--- PROBLEM STATEMENT ---
The answer should hold only the lines from the beginning of the listing below to the line containing "Oppervlaktekwaliteit plus afgewogen", both included, with every picture left out.

++++++++++

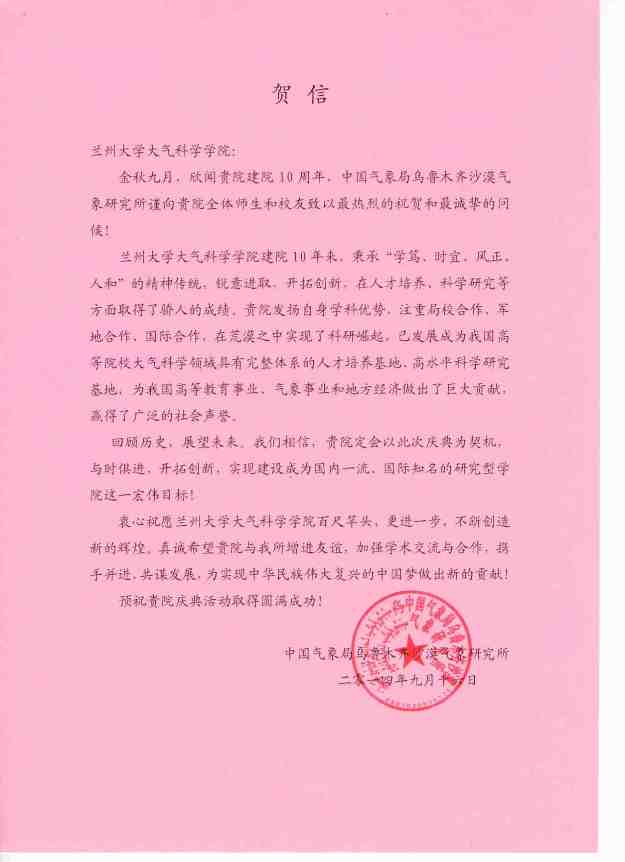 中国气象局乌鲁木齐沙漠气象研究所贺信
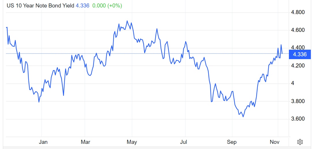 然而,国债市场确认为长期端美债的收益率水平将远高于上述经过一年降息周期后的目标利率区间,有着“全球资产定价之锚”称号的10年期美债收益率周四收于4.33%,近期10年期美债收益率从9月的低点3.60%大幅跃升,11月一度高达4.50%。
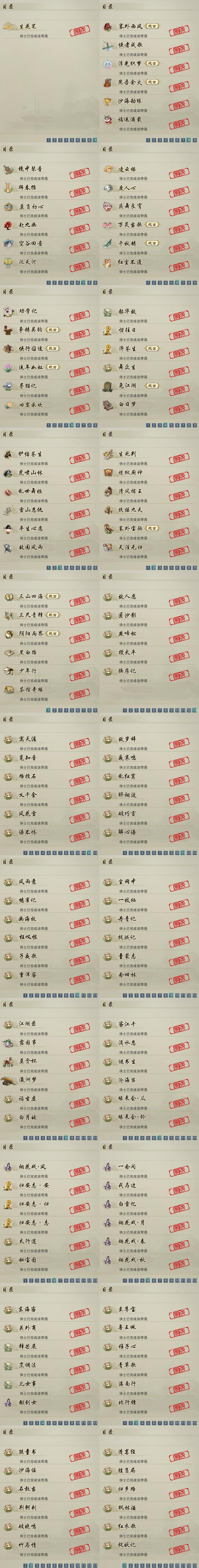 【奇遇】49个[白日梦, 天涯无归, 三山四海, 劝学记, 雪山恩仇, 阴阳两界, 莫负初心, 兔江湖, 平生心愿, 黑白路, 惜往日, 乱世舞姬, 塞外宝驹, 争铸吴钩, 韶华故, 虎啸山林, 济苍生, 护佑苍生, 少年行, 故园风雨, 扶摇九天, 三尺青锋, 流年如虹, 舞众生, 清风捕王, 侠行囧途, 寻猫记, 茶馆奇缘, 庆舞良宵, 万灵当歌]
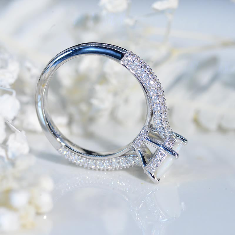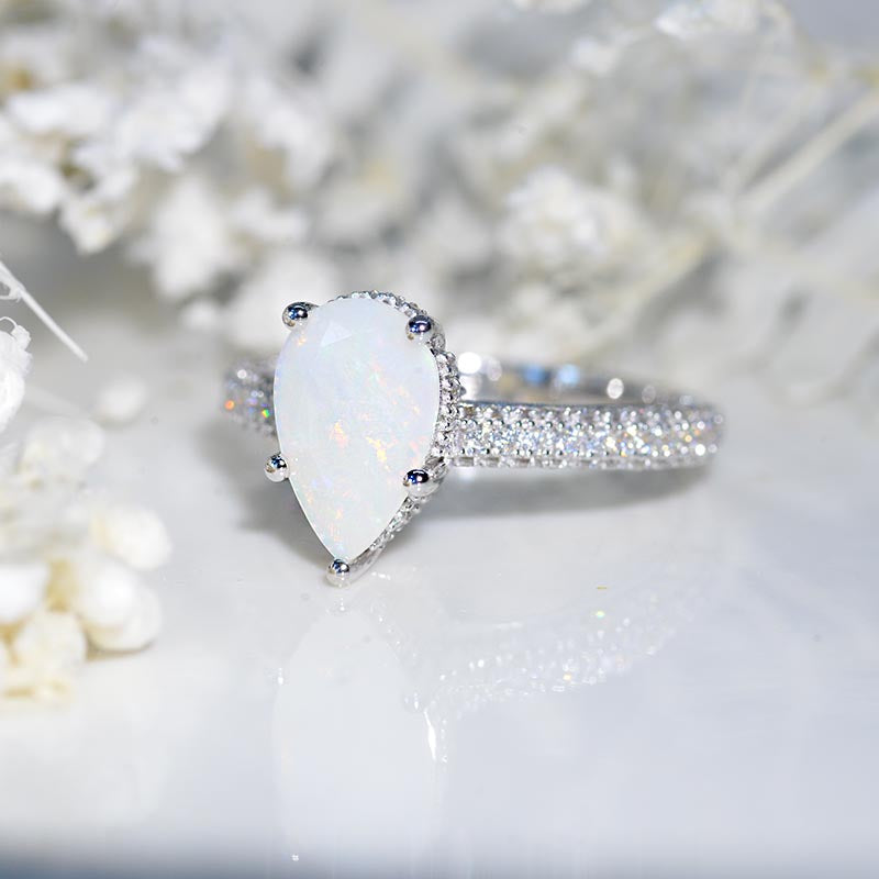 Center Stone: 3 Carat - 11x7mm Pear Cut Genuine White OpalĀ Side Stones: 118 pieces- Moissanite D-Colorless Clarity: VS1 Cut: Excellent set in Solid 14K White Gold The total approximate weight of side stones: 1.2CTW Shank width: 2.3mm
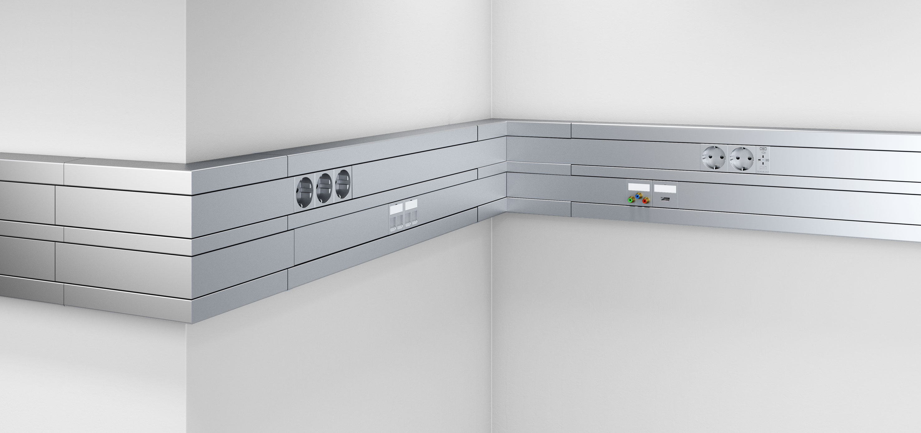 Oppervlaktekwaliteit plus afgewogen vorm: dat is de Rapid 45-2 in de aluminium uitvoering. Technische precisie ontmoet hier een elegant uiterlijk van het installatiekanaal en geeft elke installatieomgeving meerwaarde.
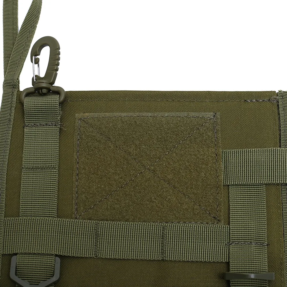 Изготовлен из высококачественного нейлонового материала. Дизайн Molle, легко прикрепить другие элементы системы molle. Крючок и петля спереди, вы можете положить ваш любимый патч. Небольшой мешочек на внешней стороне для хранения некоторых мелких предметов. Дизайн на молнии, удобно открывать и закрывать. С подвесным ремешком. Легко повесить на рождественские деревья. С 4 Держатели боеприпасов. Водонепроницаемая подкладка, не беспокойтесь использовать его в дождливый день
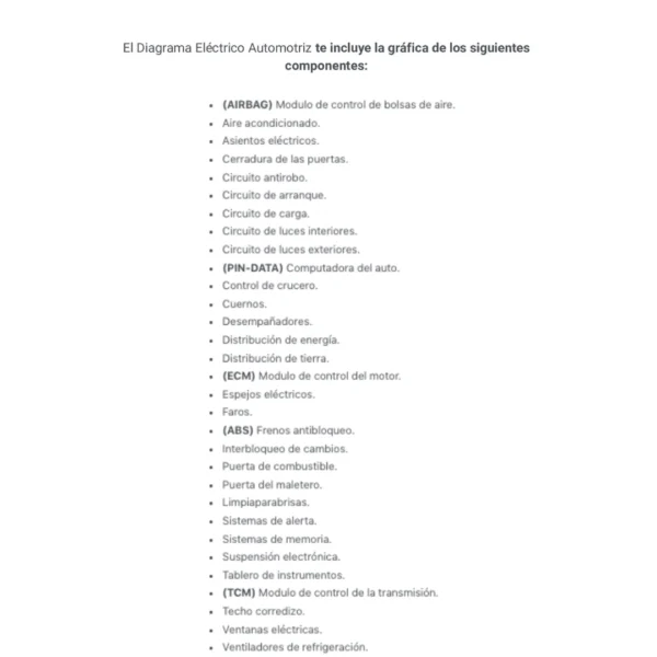 El Diagrama Eléctrico Automotriz te incluye la gráfica de los siguientes componentes:

++++++++++

--- THE COMPLETED TASK ---
 中国气象局乌鲁木齐沙漠气象研究所贺信
 然而,国债市场确认为长期端美债的收益率水平将远高于上述经过一年降息周期后的目标利率区间,有着“全球资产定价之锚”称号的10年期美债收益率周四收于4.33%,近期10年期美债收益率从9月的低点3.60%大幅跃升,11月一度高达4.50%。
 【奇遇】49个[白日梦, 天涯无归, 三山四海, 劝学记, 雪山恩仇, 阴阳两界, 莫负初心, 兔江湖, 平生心愿, 黑白路, 惜往日, 乱世舞姬, 塞外宝驹, 争铸吴钩, 韶华故, 虎啸山林, 济苍生, 护佑苍生, 少年行, 故园风雨, 扶摇九天, 三尺青锋, 流年如虹, 舞众生, 清风捕王, 侠行囧途, 寻猫记, 茶馆奇缘, 庆舞良宵, 万灵当歌]
 Center Stone: 3 Carat - 11x7mm Pear Cut Genuine White OpalĀ Side Stones: 118 pieces- Moissanite D-Colorless Clarity: VS1 Cut: Excellent set in Solid 14K White Gold The total approximate weight of side stones: 1.2CTW Shank width: 2.3mm
 Oppervlaktekwaliteit plus afgewogen vorm: dat is de Rapid 45-2 in de aluminium uitvoering. Technische precisie ontmoet hier een elegant uiterlijk van het installatiekanaal en geeft elke installatieomgeving meerwaarde.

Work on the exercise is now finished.